Fifty years ago, this month, the world held its breath – hoping, praying and wishing for a miracle that would spare the lives of a crew stranded in the most hostile and remote of conditions. Aboard a ruptured spacecraft, a three-man crew once bound for the Fra Mauro highlands of the moon found themselves in an epic race to survive against every conceivable obstacle imaginable. Their journey — the mission of Apollo 13, deemed by some as a successful failure given that the crew safely returned home to Earth. It was one of those moments that showed with ingenuity, skill and creative thinking, even the worst odds can be beat and great things can still occur despite the most epic challenges.
Fifty years later, the world holds its breath — again, hoping, praying and wishing for a miracle to spare lives across our planet that has been attacked by an invisible force delivering disruption, heartbreak and severe economic costs.
While there are a world of differences between the Apollo 13 mission and today’s Coronavirus pandemic, there are powerful leadership lessons from that experience of 50 years ago that can guide us forward. The most important of those — we must learn to think and act differently.
Too often we shackle ourselves to a singular goal with an inability to adapt to conditions when they dramatically change. While keeping our eyes on the prize keeps us focused, that vision can be blinding to other threats and circumstances around us, especially if we are unable or unwilling to change with the new conditions we are experiencing.

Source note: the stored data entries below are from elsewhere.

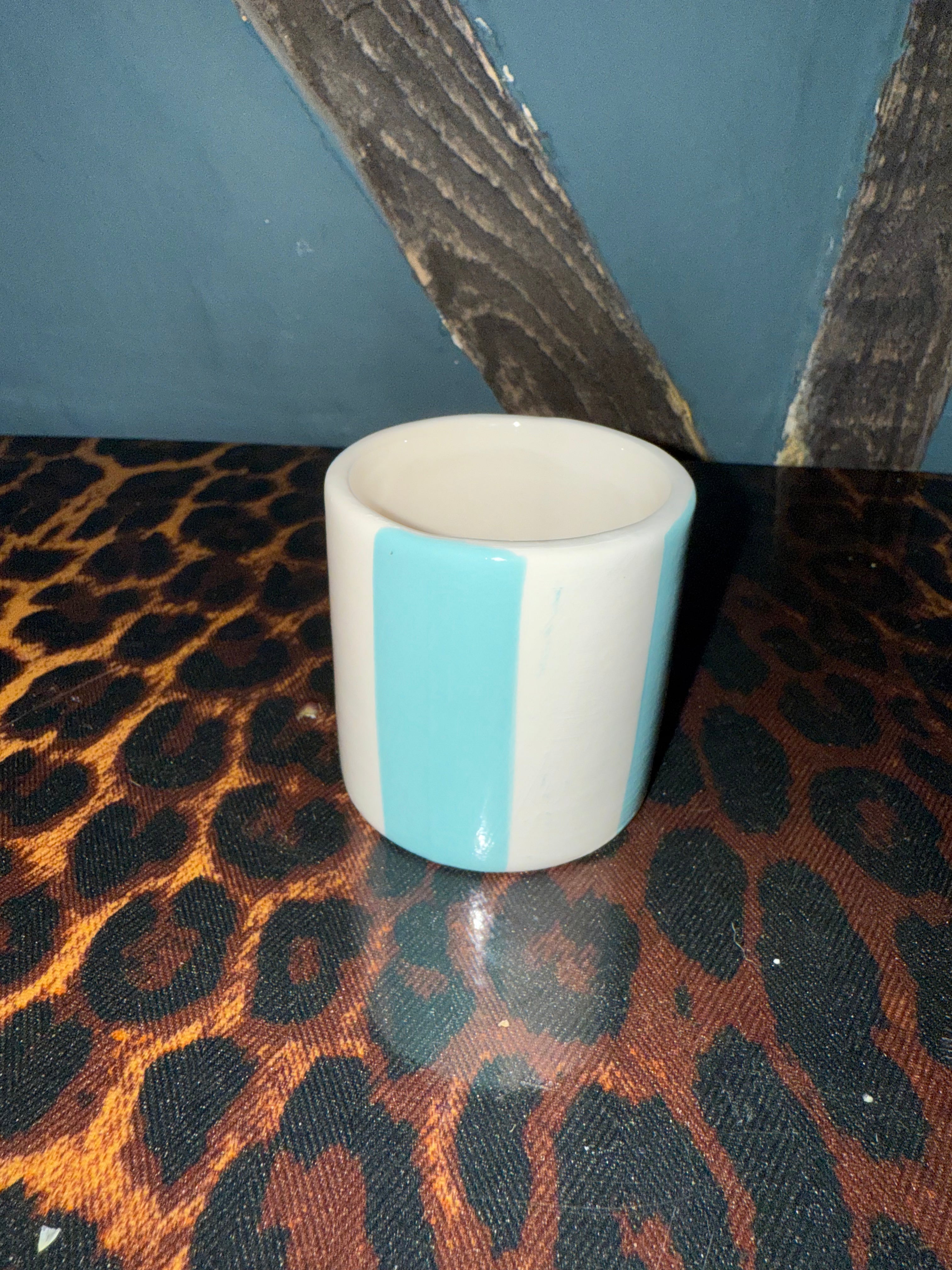 Extra Small Ceramic Light Blue Stripe Plant Pot / Various Sizes available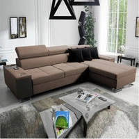 Narożnik z funkcją spania Cetara II brązowy prawostronny stylowy design przesuwane oparcia regulowane zagłówki i pojemnik na pościel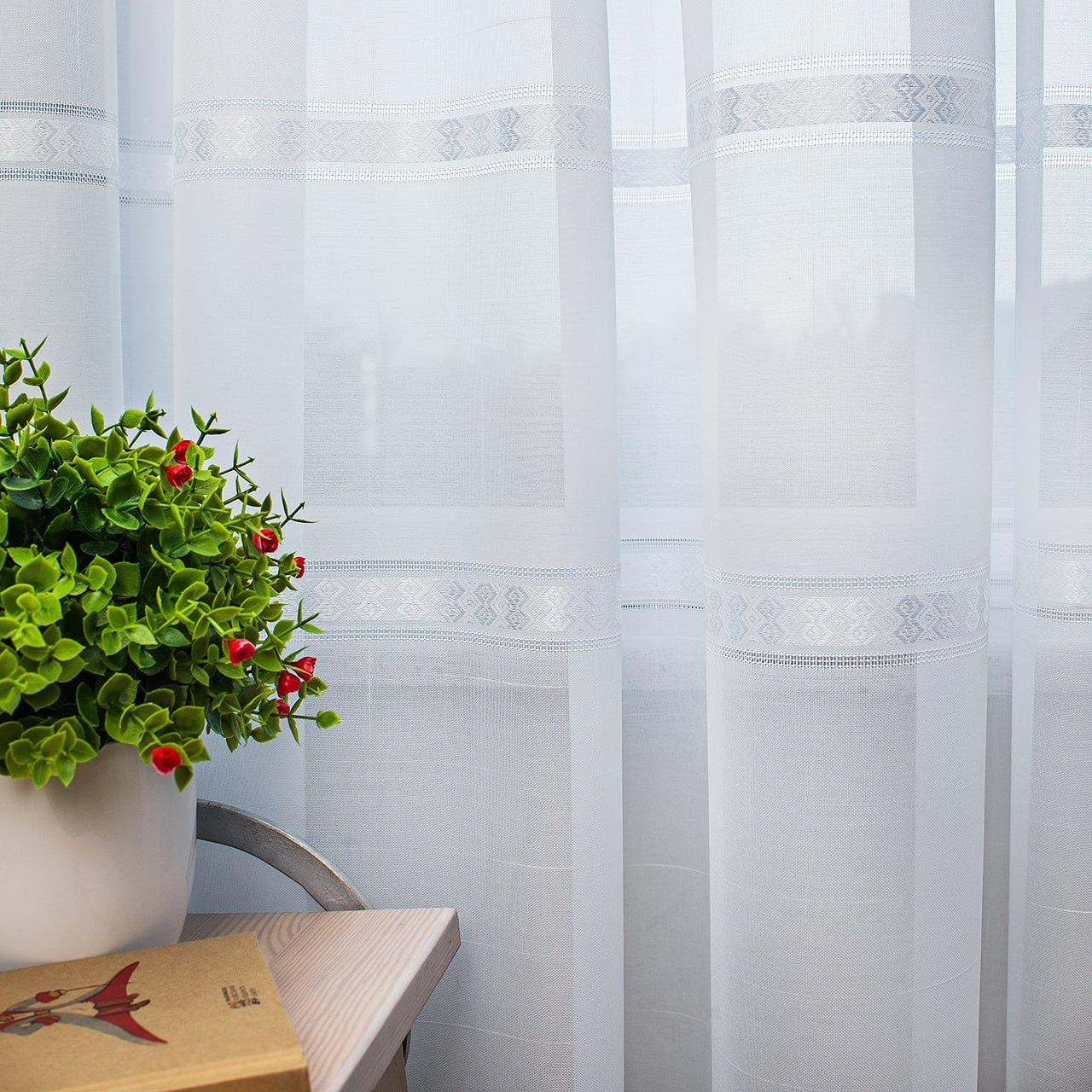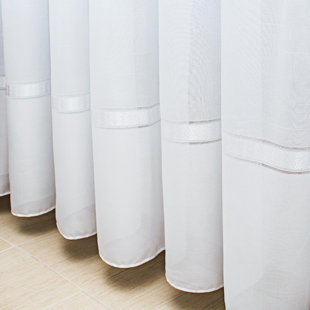 Або замовити пошиття готового тюля. До послуги входить: пошиття тасьми з петельками під гачки (тасьма на карниз трубу або люверси), обробка всіх країв після відрізу від рулону, пошиття на індивідуальну висоту.

It’s a given that any athlete, businessperson or individual should be able to perform in ideal conditions, but it’s the ones who adapt, overcome and operate in the worst of circumstances that we want to invest our time and resources. Which is why listening to unlikely sources for solutions and not relying on conventional wisdom are the preeminent tools to access in times like these.
As comfortable and stable as status quo may be, it will never refine or advance innovation or the solutions we need. It is the maverick, the one who colors outside the lines and often overlooked, that has the idea or missing piece that can solve our problem.
As deserving as they are of our unwavering support and esteem, we are dependent upon our public health care leaders, the health care system, and the pharmaceutical industry to help us endure the current pandemic, but unconventional players are also needed to contribute to solving this epic world problem. Data scientists who create models to identify unseen patterns and track outbreaks; design engineers to optimize enormously complicated supply chains; collaboration on therapeutic and vaccine development that prioritizes drug candidates with worldwide clinical trials in half the normal time; and cybersecurity assets to assure the integrity of networks and infrastructures from those who would further victimize us.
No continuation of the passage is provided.